Although the records contain pictures, only their text should be reproduced, exactly as written.

┄┄┄┄┄┄

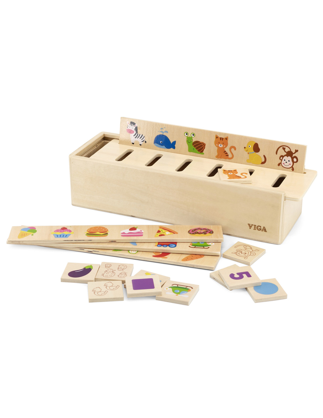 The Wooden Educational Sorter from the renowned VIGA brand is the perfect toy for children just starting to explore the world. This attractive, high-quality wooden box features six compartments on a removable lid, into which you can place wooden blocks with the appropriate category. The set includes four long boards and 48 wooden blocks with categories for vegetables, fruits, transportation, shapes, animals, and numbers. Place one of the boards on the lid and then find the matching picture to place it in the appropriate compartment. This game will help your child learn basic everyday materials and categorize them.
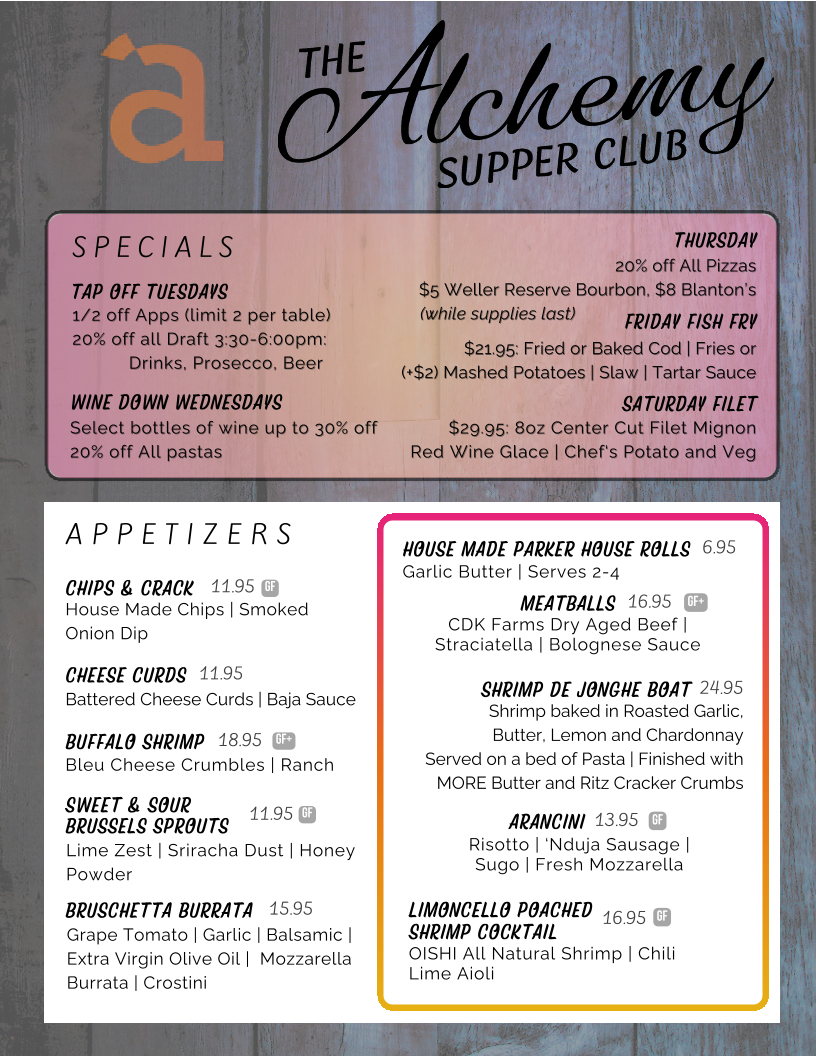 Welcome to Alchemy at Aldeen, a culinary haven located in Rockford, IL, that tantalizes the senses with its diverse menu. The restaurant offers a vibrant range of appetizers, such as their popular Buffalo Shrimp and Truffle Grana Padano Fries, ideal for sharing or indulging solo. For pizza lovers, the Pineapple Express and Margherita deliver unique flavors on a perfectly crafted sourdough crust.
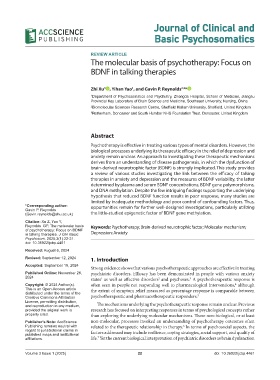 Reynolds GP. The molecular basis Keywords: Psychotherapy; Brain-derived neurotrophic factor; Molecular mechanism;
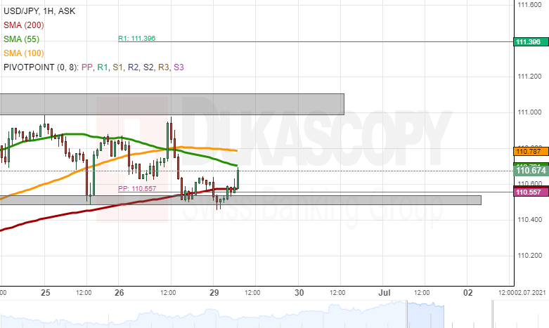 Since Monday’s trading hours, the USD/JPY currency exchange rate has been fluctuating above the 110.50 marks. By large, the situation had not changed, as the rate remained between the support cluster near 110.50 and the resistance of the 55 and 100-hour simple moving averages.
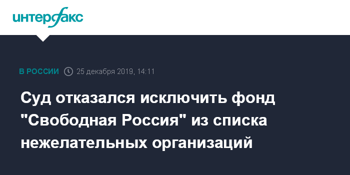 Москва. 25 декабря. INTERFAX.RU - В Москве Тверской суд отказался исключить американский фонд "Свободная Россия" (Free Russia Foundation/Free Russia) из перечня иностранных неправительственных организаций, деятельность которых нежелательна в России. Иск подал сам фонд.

┄┄┄┄┄┄

_Solution for this task:_
 The Wooden Educational Sorter from the renowned VIGA brand is the perfect toy for children just starting to explore the world. This attractive, high-quality wooden box features six compartments on a removable lid, into which you can place wooden blocks with the appropriate category. The set includes four long boards and 48 wooden blocks with categories for vegetables, fruits, transportation, shapes, animals, and numbers. Place one of the boards on the lid and then find the matching picture to place it in the appropriate compartment. This game will help your child learn basic everyday materials and categorize them.
 Welcome to Alchemy at Aldeen, a culinary haven located in Rockford, IL, that tantalizes the senses with its diverse menu. The restaurant offers a vibrant range of appetizers, such as their popular Buffalo Shrimp and Truffle Grana Padano Fries, ideal for sharing or indulging solo. For pizza lovers, the Pineapple Express and Margherita deliver unique flavors on a perfectly crafted sourdough crust.
 Reynolds GP. The molecular basis Keywords: Psychotherapy; Brain-derived neurotrophic factor; Molecular mechanism;
 Since Monday’s trading hours, the USD/JPY currency exchange rate has been fluctuating above the 110.50 marks. By large, the situation had not changed, as the rate remained between the support cluster near 110.50 and the resistance of the 55 and 100-hour simple moving averages.
 Москва. 25 декабря. INTERFAX.RU - В Москве Тверской суд отказался исключить американский фонд "Свободная Россия" (Free Russia Foundation/Free Russia) из перечня иностранных неправительственных организаций, деятельность которых нежелательна в России. Иск подал сам фонд.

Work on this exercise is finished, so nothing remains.